++++ Extracted data ++++

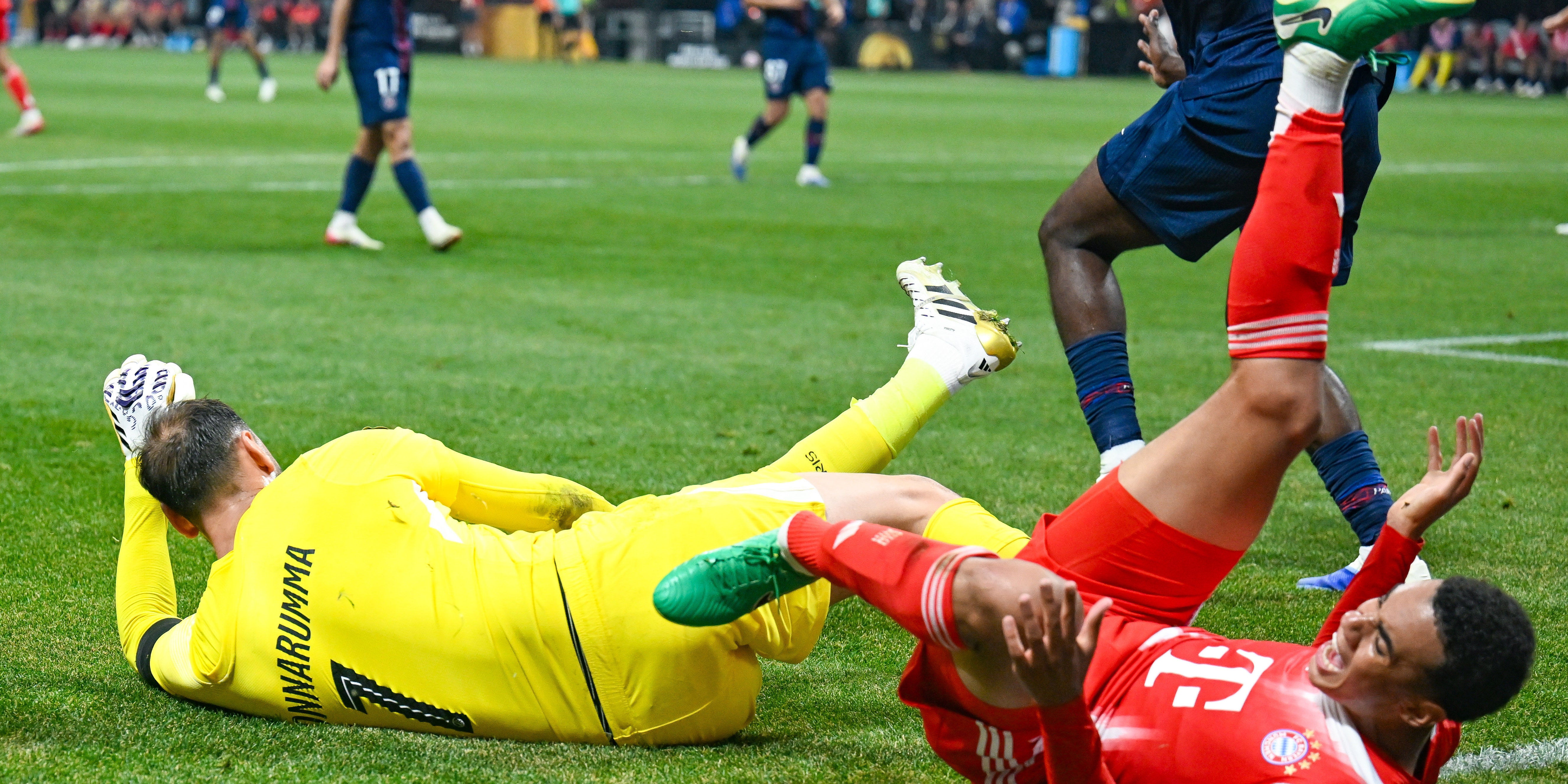 Bayerns Offensivstar Jamal Musiala schied kurz vor der Pause nach einem Zusammenstoß mit PSG-Goalie Gianluigi Donnarumma mit einer schlimmen und auch schlimm anzusehenden Beinverletzung aus. Es besteht der Verdacht auf Wadenbeinbruch, Bänderrisse und die Gewissheit, dass der 22-Jährige zumindest über mehrere Monate auch beim Nationalteam ausfällt. Nach der Rückkehr der Bayern vom Spielort Atlanta ins Basiscamp nach Orlando war die Rückreise nach Deutschland noch für (den heutigen) Sonntag angesetzt, die Operation soll zeitnah erfolgen.
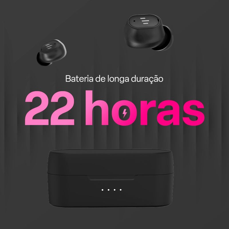 bateria de longa duração proporciona até 22 horas de autonomia total, combinando os fones e o estojo carregador — ideal para acompanhar seu ritmo em treinos, viagens ou no dia a dia. Já o recurso Pulse Extreme Bass reforça as frequências graves, trazendo impacto e profundidade ao som, sem perder a nitidez dos médios e agudos.
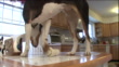A Basenji roams on a table top and sniffs around.
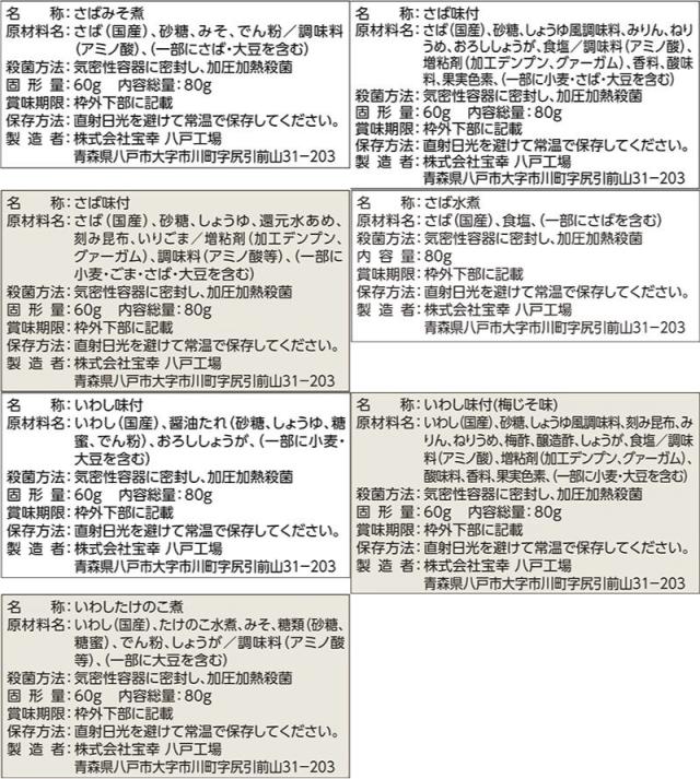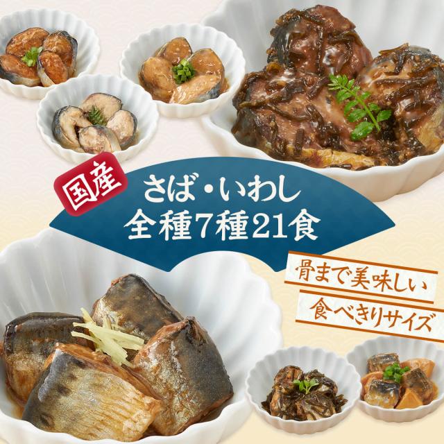 | 内容量 | ■ お惣菜にもう一品 さば味噌煮 80g さば梅じそ風味 80g さばごま昆布 80g さば水煮 80g いわし味付 80g いわし梅じそ昆布 80g いわし味噌煮たけのこ入り 80g 7種 各3食 合計21食 |
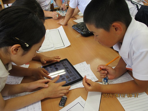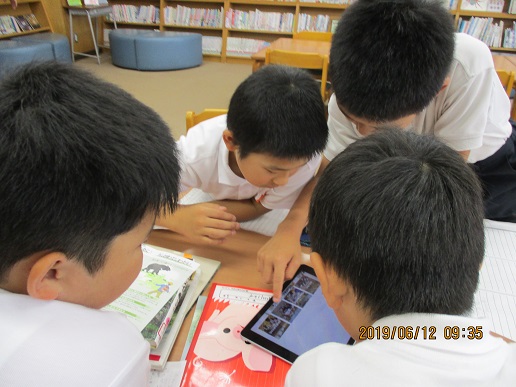 2限目です。4年生がタブレットを使って調べ学習をしています。
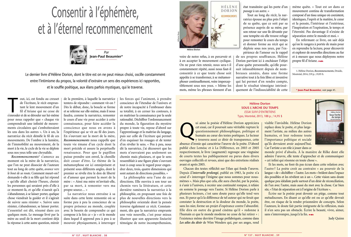 « Prose et poésie sont deux pièces d’une maison pour l’écrivaine qui continue ainsi de se construire, de se renouveler. Hélène Dorion flotte. Ni loin ni au-dessus de nous mais tout autour. Elle nous chuchote qu’elle fait le voyage vers soi. »
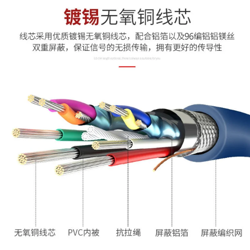 1. Uso de cable de cobre estañado de 9 núcleos, papel de aluminio y blindaje de doble capa.
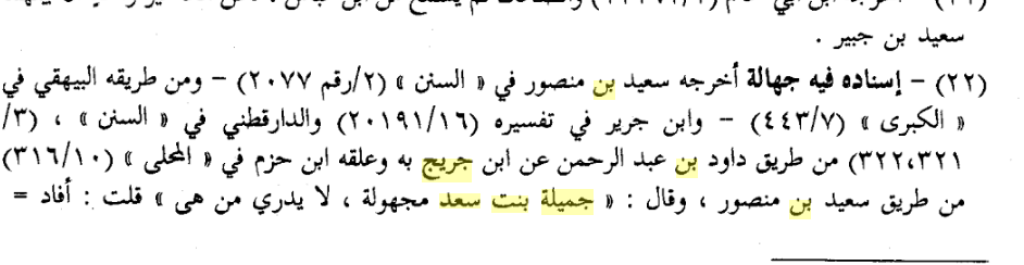 1. جهالة جميلة بنت سعد و هي على الاغلب اخت عبيد بن سعد الطائفي و لكن لا جرح و لا تعديل لها بل لا ترجمة لها !!!

++++

• Exercise instructions: Each line from the one holding "2限目です。4年生がタブレットを使って調べ学習をしています。" down to the end of the records is to be reproduced unaltered, and the pictures are to be omitted.

• Exercise response:
 2限目です。4年生がタブレットを使って調べ学習をしています。
 « Prose et poésie sont deux pièces d’une maison pour l’écrivaine qui continue ainsi de se construire, de se renouveler. Hélène Dorion flotte. Ni loin ni au-dessus de nous mais tout autour. Elle nous chuchote qu’elle fait le voyage vers soi. »
 1. Uso de cable de cobre estañado de 9 núcleos, papel de aluminio y blindaje de doble capa.
 1. جهالة جميلة بنت سعد و هي على الاغلب اخت عبيد بن سعد الطائفي و لكن لا جرح و لا تعديل لها بل لا ترجمة لها !!!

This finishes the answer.